(WHAT THE TASK ASKS) The reply should hold only the lines below beginning at the one with "2018年河南省普通高校專升本招生錄取控制分數線(藝術類)" and ending at the one with "11月28日下午,由包头市卫", copied exactly, with every picture left out.

(RECORDS SHOWN)
____________

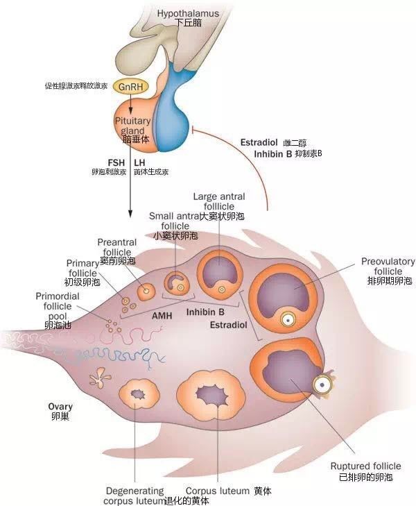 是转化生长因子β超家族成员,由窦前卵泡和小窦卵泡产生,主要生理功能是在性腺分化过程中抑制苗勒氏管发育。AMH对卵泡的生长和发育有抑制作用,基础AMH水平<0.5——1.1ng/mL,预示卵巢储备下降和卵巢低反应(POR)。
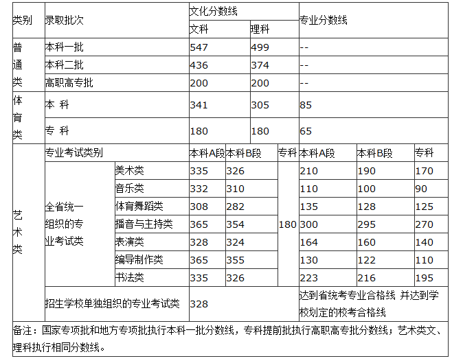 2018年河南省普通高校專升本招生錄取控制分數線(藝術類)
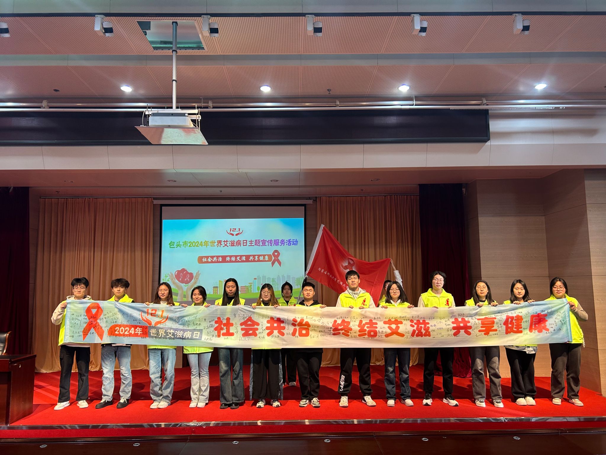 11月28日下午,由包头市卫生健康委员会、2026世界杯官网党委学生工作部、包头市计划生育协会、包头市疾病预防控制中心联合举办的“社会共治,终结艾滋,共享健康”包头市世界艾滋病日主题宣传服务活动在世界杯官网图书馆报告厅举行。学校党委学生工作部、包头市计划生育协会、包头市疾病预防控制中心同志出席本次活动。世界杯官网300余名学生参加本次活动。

____________

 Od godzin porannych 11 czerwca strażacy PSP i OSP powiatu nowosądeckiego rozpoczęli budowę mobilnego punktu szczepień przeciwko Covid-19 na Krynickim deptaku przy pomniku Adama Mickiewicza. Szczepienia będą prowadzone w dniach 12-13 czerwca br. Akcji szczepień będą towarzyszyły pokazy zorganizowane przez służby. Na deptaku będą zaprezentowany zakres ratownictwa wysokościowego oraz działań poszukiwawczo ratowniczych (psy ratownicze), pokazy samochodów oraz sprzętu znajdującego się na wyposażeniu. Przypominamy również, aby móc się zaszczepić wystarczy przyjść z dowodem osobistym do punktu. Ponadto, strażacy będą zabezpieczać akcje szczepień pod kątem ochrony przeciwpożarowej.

____________

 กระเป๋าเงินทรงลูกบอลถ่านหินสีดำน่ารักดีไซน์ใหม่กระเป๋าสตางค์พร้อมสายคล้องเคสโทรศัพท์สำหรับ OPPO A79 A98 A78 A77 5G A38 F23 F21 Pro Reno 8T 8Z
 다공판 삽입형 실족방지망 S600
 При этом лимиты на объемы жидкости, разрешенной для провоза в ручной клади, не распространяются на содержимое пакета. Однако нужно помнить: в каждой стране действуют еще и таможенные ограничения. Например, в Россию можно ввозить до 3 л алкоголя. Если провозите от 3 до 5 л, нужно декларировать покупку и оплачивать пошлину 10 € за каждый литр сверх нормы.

____________

(REPLY)
 2018年河南省普通高校專升本招生錄取控制分數線(藝術類)
 11月28日下午,由包头市卫生健康委员会、2026世界杯官网党委学生工作部、包头市计划生育协会、包头市疾病预防控制中心联合举办的“社会共治,终结艾滋,共享健康”包头市世界艾滋病日主题宣传服务活动在世界杯官网图书馆报告厅举行。学校党委学生工作部、包头市计划生育协会、包头市疾病预防控制中心同志出席本次活动。世界杯官网300余名学生参加本次活动。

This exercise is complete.